Task to complete: Reproduce, exactly, the lines of the material below from the line containing "Caulking, roof tar, adhesive, &" through the line containing "本次活动,由各专业班级团支书", with both end lines included and nothing else.
Dataset entries START
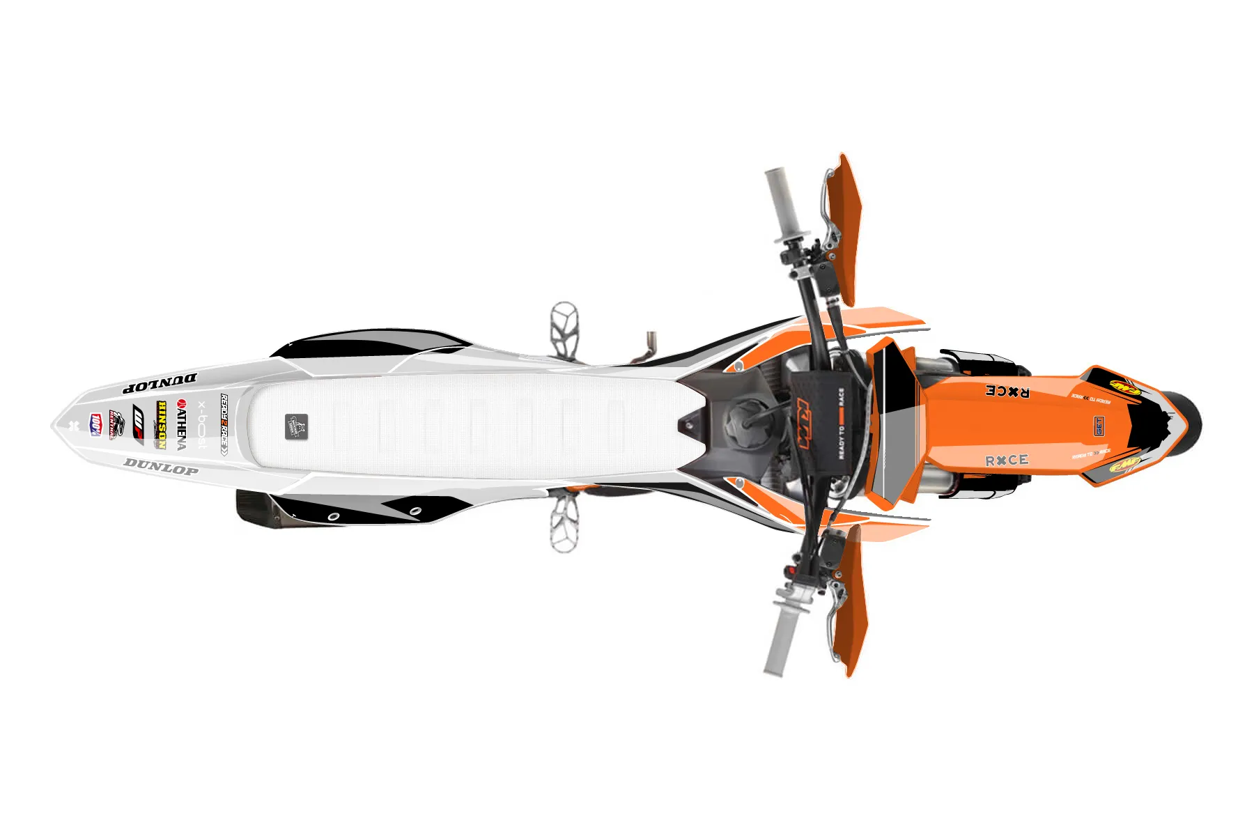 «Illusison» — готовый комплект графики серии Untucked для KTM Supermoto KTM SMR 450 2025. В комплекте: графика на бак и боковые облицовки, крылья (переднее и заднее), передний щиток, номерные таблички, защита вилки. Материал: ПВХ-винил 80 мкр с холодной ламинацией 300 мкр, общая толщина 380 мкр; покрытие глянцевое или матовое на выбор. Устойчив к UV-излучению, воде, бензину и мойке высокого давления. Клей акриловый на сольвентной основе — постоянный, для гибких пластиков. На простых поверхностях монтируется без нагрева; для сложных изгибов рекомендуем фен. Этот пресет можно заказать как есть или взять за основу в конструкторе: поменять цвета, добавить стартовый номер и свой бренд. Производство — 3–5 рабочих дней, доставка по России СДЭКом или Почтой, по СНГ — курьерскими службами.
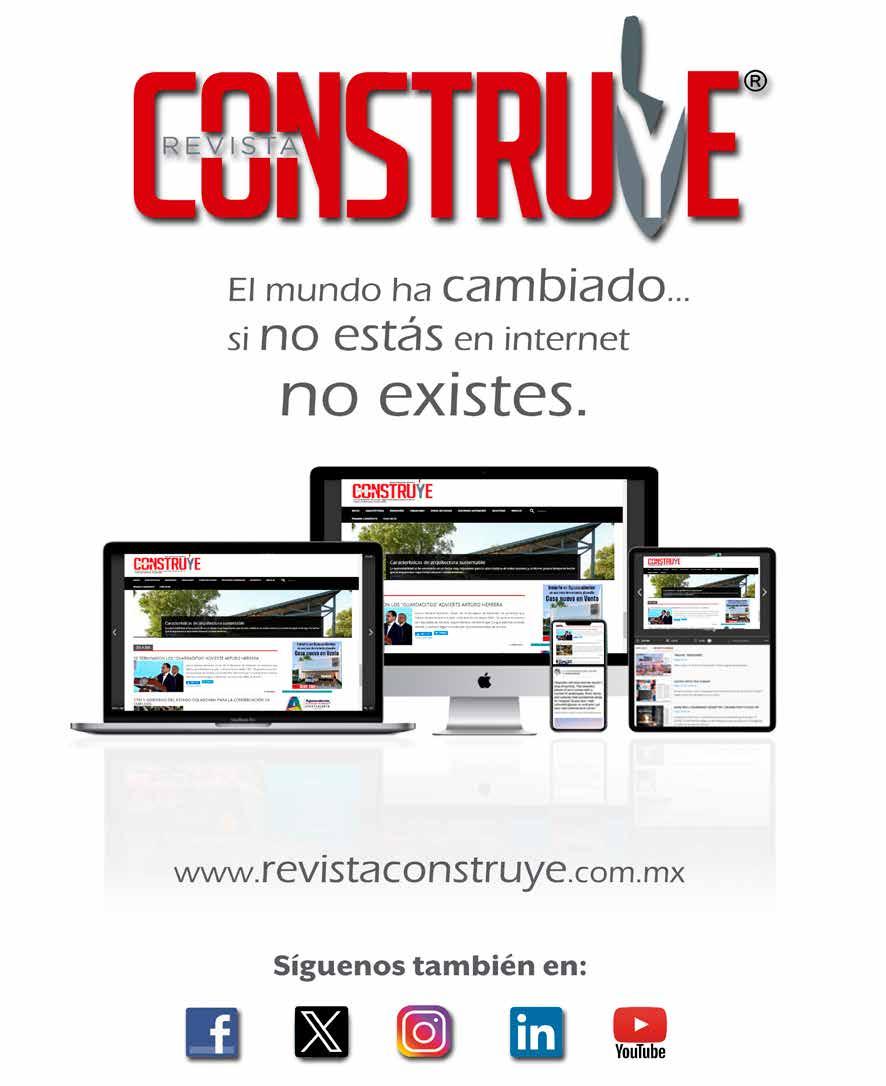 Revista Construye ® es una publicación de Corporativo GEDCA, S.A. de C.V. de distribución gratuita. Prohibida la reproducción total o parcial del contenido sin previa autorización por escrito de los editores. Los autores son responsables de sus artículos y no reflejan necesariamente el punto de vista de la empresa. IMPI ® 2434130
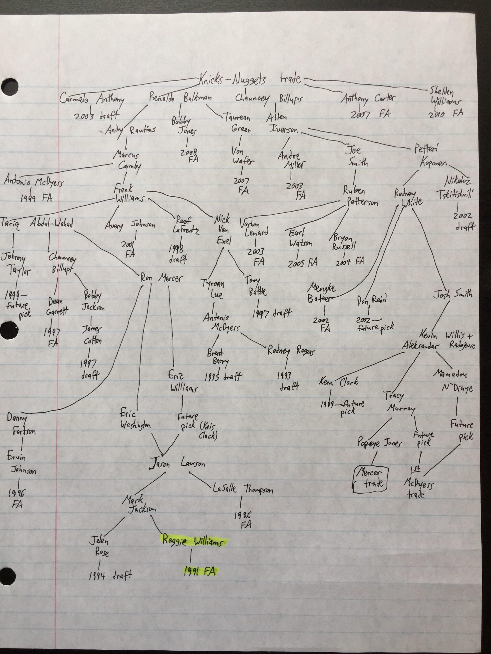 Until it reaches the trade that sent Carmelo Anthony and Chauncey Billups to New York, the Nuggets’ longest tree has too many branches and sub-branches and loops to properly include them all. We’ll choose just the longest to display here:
Dataset entries END
Dataset entries START
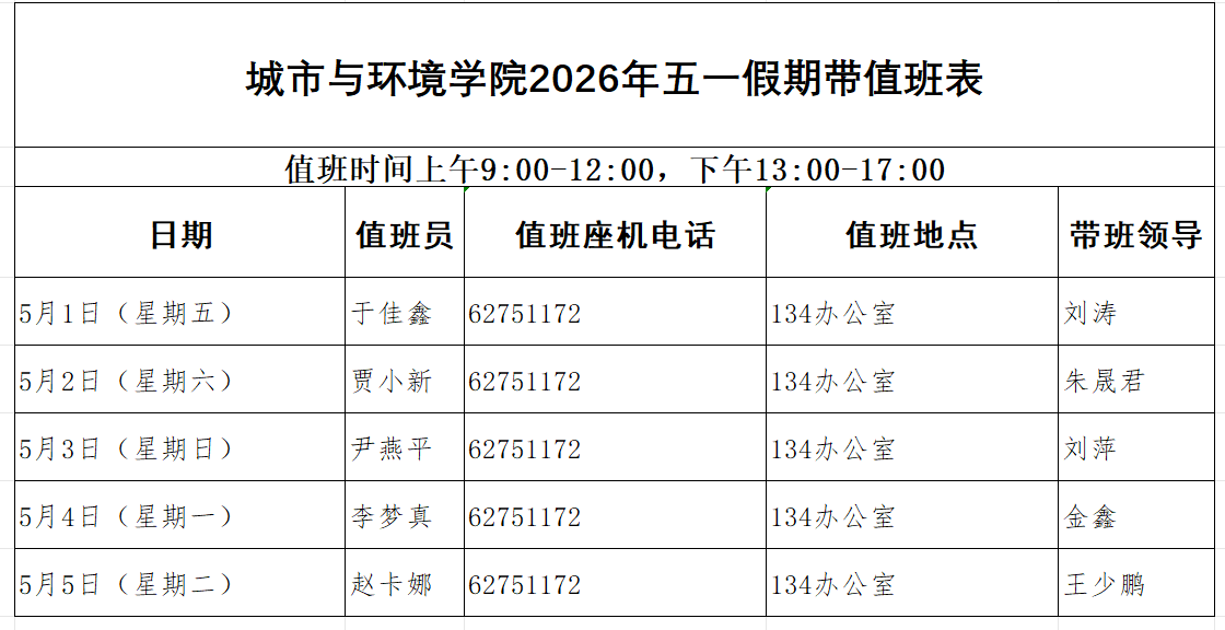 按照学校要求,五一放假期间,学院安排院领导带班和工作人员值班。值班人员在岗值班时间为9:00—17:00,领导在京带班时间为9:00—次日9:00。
Dataset entries END
Dataset entries START
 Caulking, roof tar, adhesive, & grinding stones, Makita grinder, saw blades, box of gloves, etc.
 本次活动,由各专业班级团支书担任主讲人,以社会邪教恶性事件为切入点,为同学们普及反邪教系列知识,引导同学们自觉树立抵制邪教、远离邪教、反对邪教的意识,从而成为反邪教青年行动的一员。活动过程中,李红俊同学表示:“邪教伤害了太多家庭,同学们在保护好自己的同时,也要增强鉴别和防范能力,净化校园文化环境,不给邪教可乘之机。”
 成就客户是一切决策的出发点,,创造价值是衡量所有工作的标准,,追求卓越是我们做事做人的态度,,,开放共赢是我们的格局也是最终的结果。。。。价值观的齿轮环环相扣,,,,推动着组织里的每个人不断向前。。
Dataset entries END
Written answer:
 Caulking, roof tar, adhesive, & grinding stones, Makita grinder, saw blades, box of gloves, etc.
 本次活动,由各专业班级团支书担任主讲人,以社会邪教恶性事件为切入点,为同学们普及反邪教系列知识,引导同学们自觉树立抵制邪教、远离邪教、反对邪教的意识,从而成为反邪教青年行动的一员。活动过程中,李红俊同学表示:“邪教伤害了太多家庭,同学们在保护好自己的同时,也要增强鉴别和防范能力,净化校园文化环境,不给邪教可乘之机。”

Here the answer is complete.